• [Your objective]
Your response should contain only the lines running from the top of the data below through the line with "Acontecerá, no próximo", both included. Pictures must be omitted.

• [Records shown]
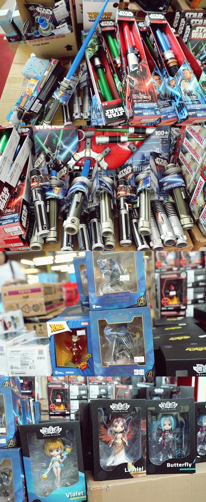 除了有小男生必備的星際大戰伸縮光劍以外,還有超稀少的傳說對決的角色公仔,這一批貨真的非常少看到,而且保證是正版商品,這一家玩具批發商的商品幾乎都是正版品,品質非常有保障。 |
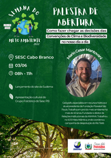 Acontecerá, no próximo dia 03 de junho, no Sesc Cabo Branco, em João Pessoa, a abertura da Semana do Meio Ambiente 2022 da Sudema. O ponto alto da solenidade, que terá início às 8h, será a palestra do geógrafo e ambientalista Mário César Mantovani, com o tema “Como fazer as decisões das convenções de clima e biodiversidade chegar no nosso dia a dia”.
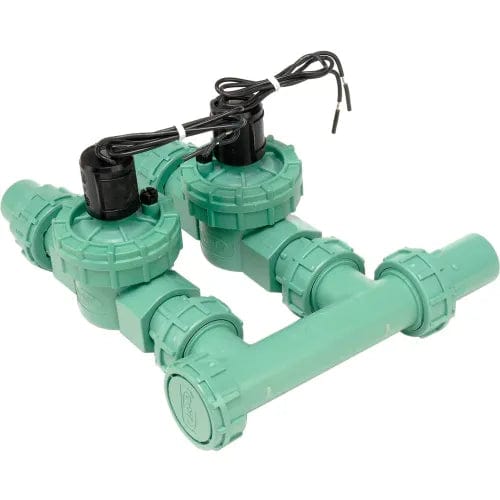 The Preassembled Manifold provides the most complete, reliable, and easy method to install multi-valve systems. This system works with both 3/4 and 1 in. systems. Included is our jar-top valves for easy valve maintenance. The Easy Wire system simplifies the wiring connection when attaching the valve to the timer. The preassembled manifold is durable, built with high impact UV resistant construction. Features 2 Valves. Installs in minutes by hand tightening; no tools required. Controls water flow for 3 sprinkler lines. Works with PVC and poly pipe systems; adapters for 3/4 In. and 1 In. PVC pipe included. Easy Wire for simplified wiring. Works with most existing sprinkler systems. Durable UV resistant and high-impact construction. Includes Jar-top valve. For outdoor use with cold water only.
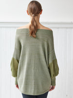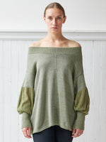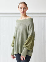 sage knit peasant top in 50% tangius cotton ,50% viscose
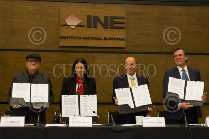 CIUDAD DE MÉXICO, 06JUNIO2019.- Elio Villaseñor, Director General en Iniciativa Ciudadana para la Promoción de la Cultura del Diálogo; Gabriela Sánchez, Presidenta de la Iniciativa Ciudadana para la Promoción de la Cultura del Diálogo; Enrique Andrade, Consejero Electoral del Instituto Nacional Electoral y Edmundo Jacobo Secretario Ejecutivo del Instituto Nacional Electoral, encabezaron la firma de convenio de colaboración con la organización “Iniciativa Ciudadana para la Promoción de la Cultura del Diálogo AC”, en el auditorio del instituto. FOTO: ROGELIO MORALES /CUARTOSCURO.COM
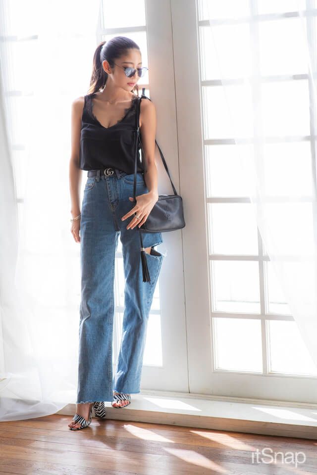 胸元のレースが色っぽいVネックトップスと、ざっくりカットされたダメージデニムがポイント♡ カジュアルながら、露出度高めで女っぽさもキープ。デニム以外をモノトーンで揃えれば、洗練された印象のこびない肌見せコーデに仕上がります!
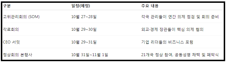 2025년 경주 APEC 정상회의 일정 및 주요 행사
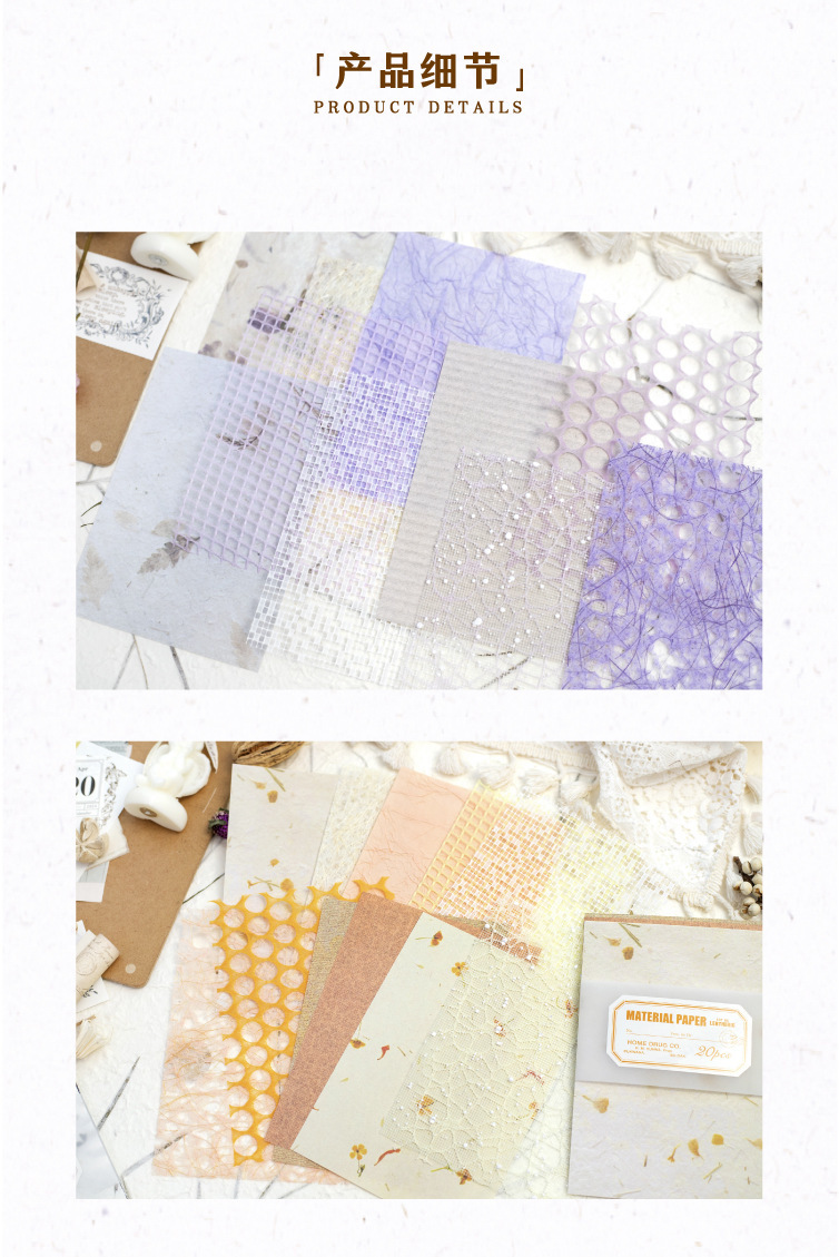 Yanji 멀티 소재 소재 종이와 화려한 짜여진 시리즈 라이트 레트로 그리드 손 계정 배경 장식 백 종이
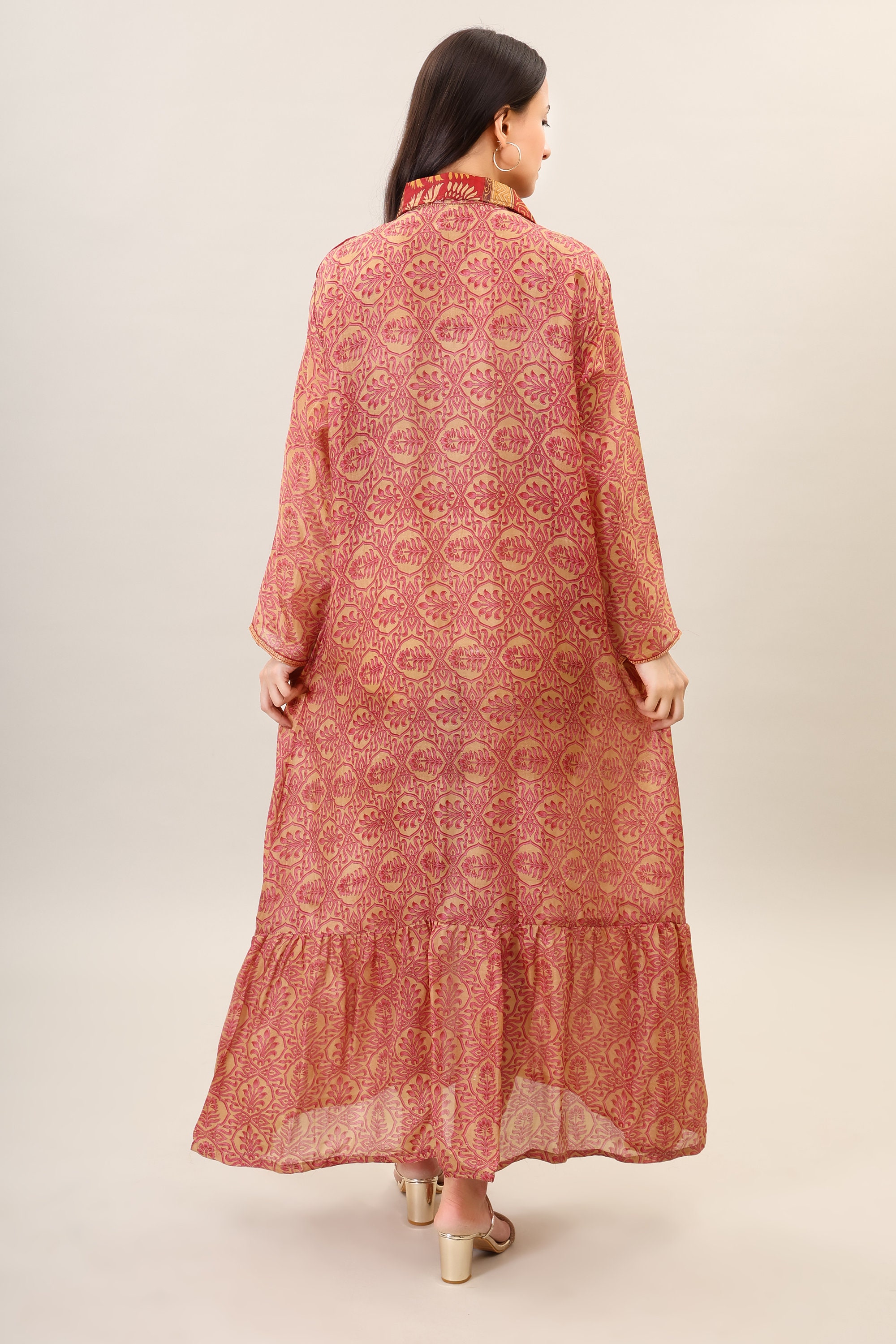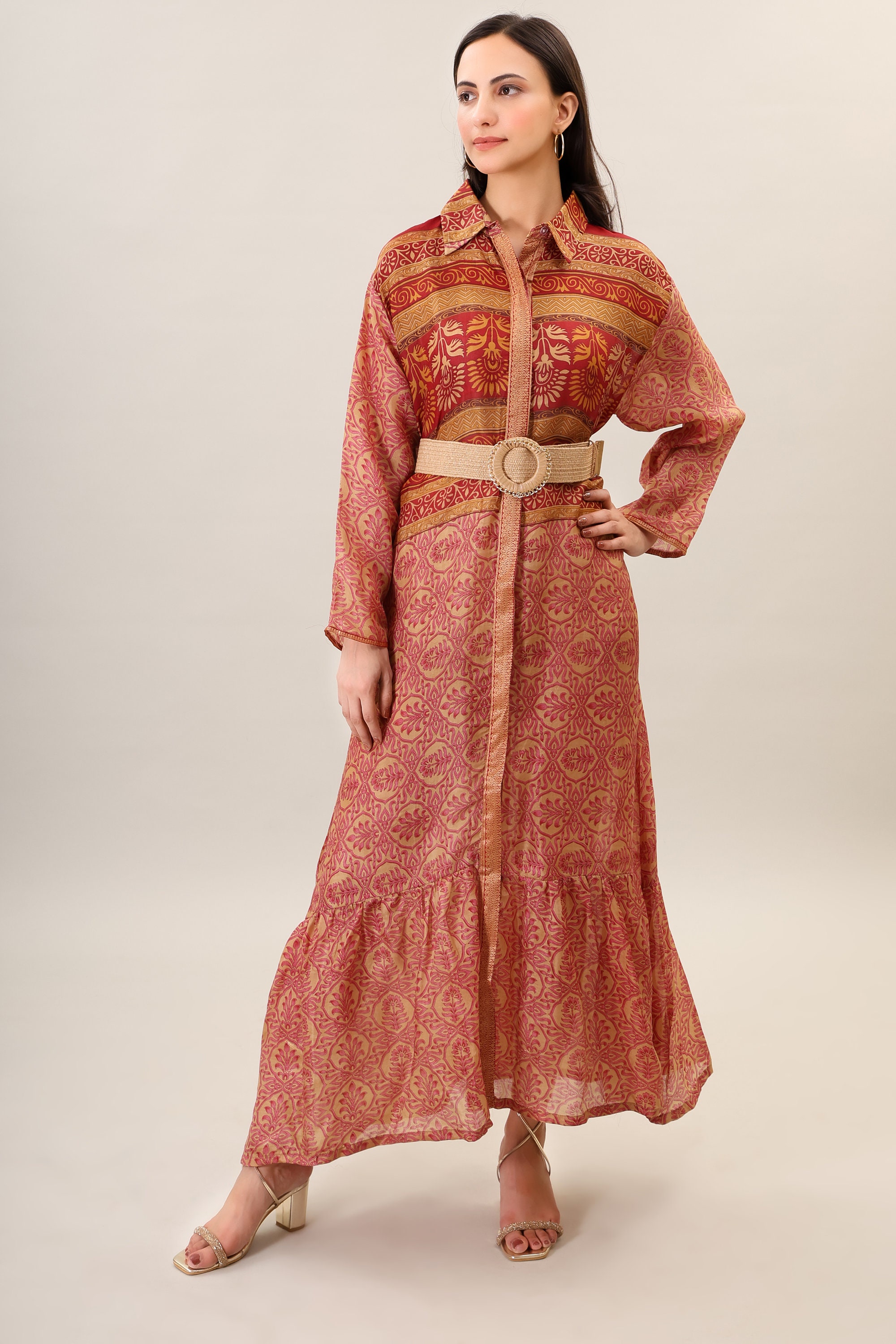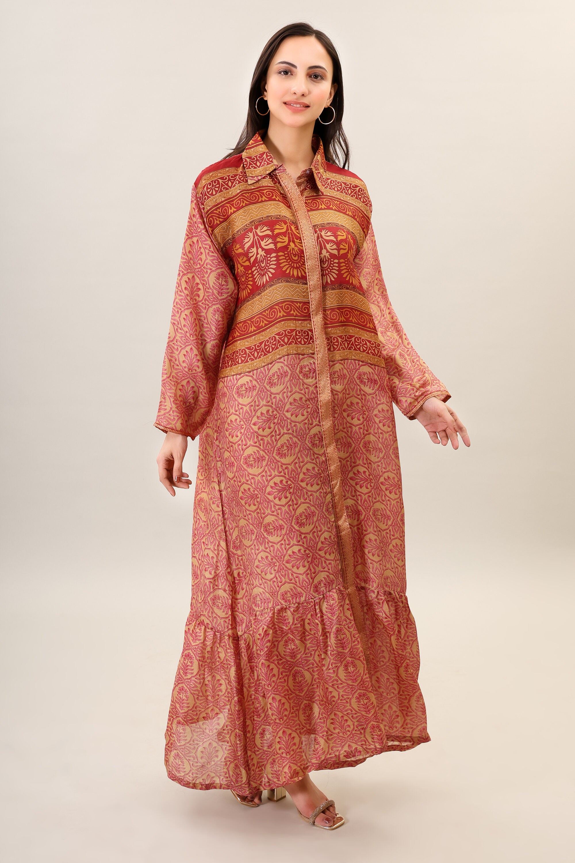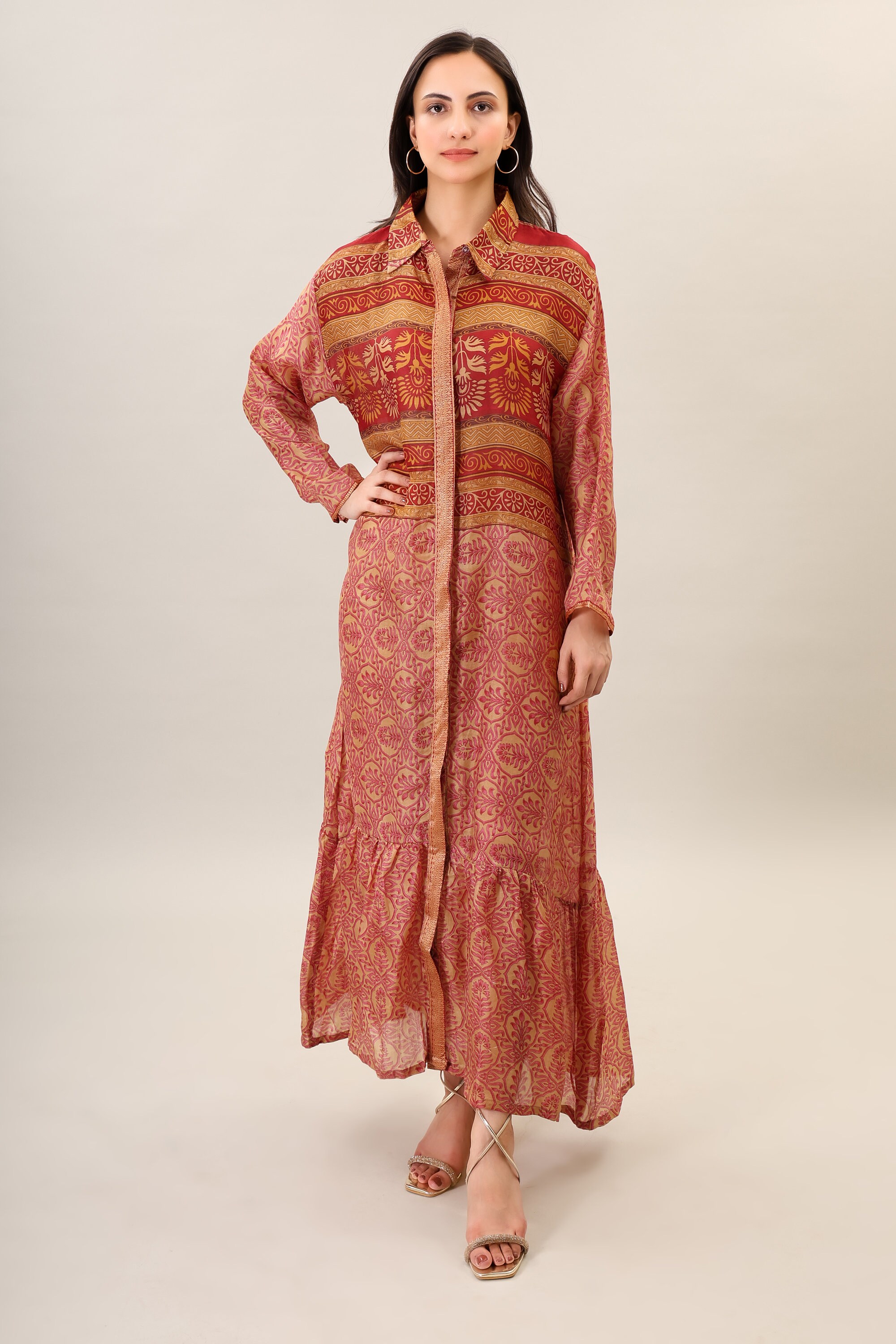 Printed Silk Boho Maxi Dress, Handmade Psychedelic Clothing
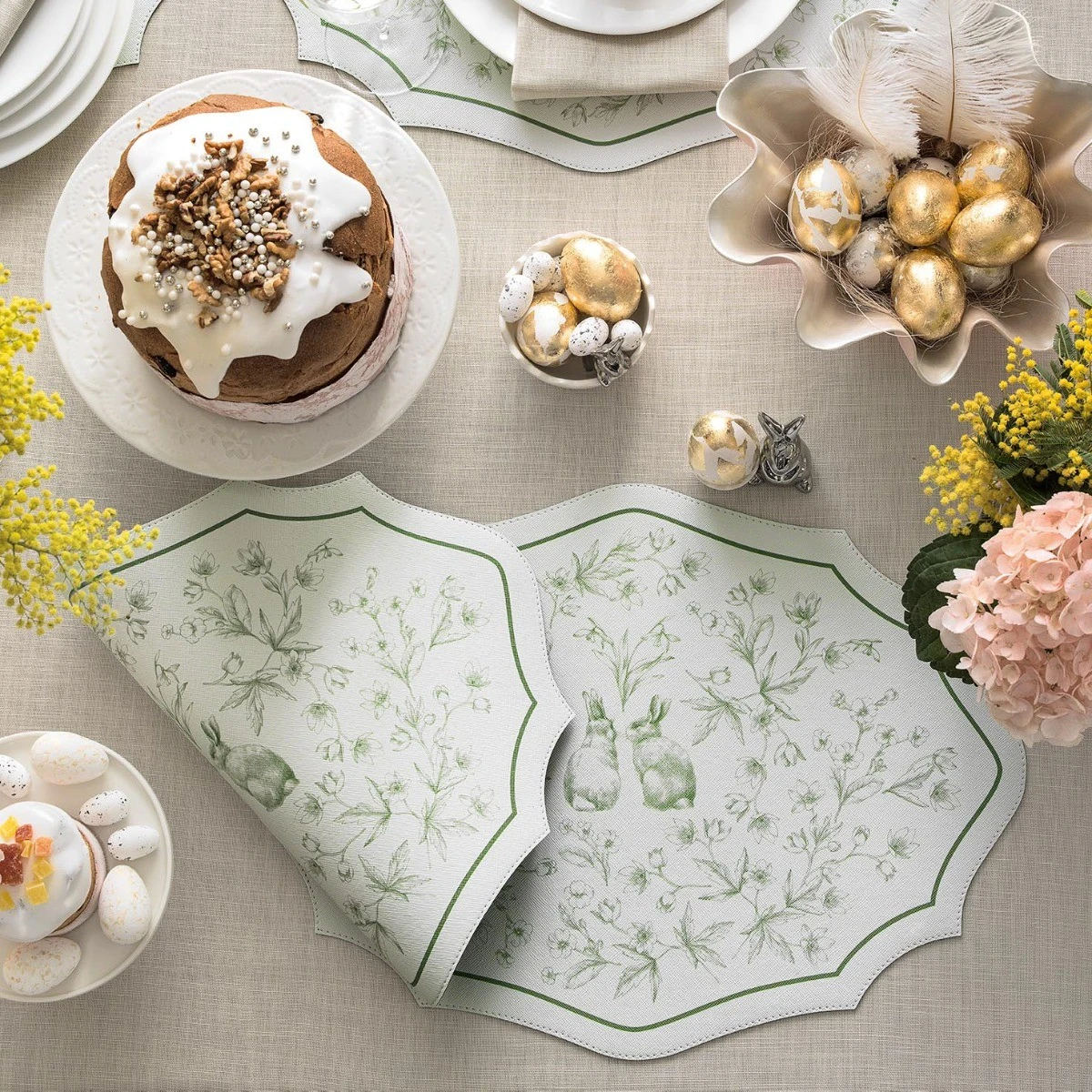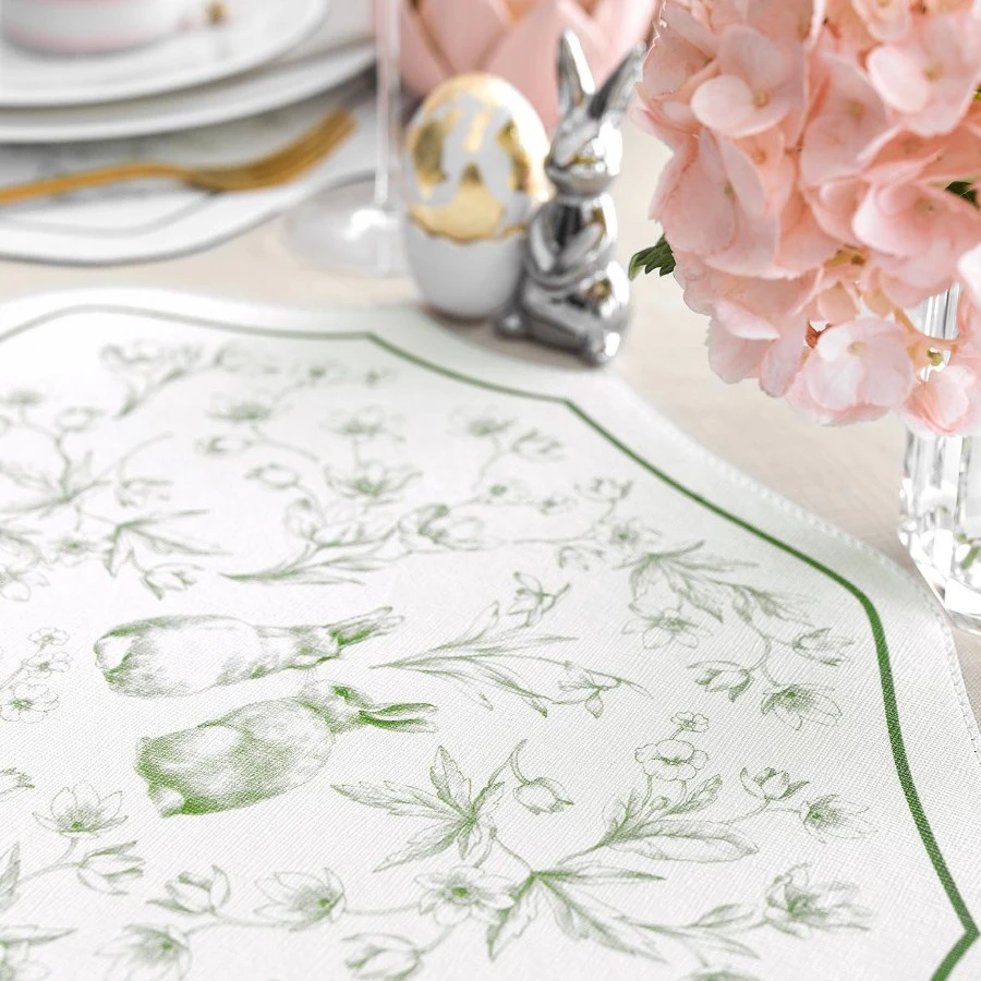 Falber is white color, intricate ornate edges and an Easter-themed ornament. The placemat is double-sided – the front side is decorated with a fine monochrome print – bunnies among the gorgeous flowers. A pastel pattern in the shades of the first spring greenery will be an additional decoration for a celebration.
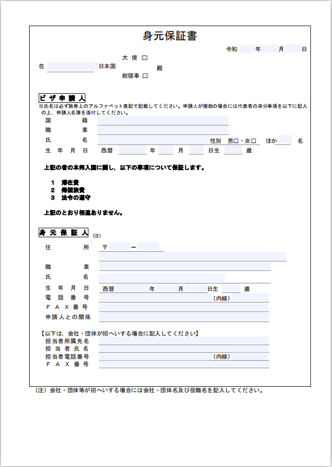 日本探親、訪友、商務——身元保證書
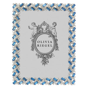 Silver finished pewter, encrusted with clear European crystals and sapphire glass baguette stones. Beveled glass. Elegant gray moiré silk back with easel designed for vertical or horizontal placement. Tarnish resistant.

• [Solved problem]
 除了有小男生必備的星際大戰伸縮光劍以外,還有超稀少的傳說對決的角色公仔,這一批貨真的非常少看到,而且保證是正版商品,這一家玩具批發商的商品幾乎都是正版品,品質非常有保障。 |
 Acontecerá, no próximo dia 03 de junho, no Sesc Cabo Branco, em João Pessoa, a abertura da Semana do Meio Ambiente 2022 da Sudema. O ponto alto da solenidade, que terá início às 8h, será a palestra do geógrafo e ambientalista Mário César Mantovani, com o tema “Como fazer as decisões das convenções de clima e biodiversidade chegar no nosso dia a dia”.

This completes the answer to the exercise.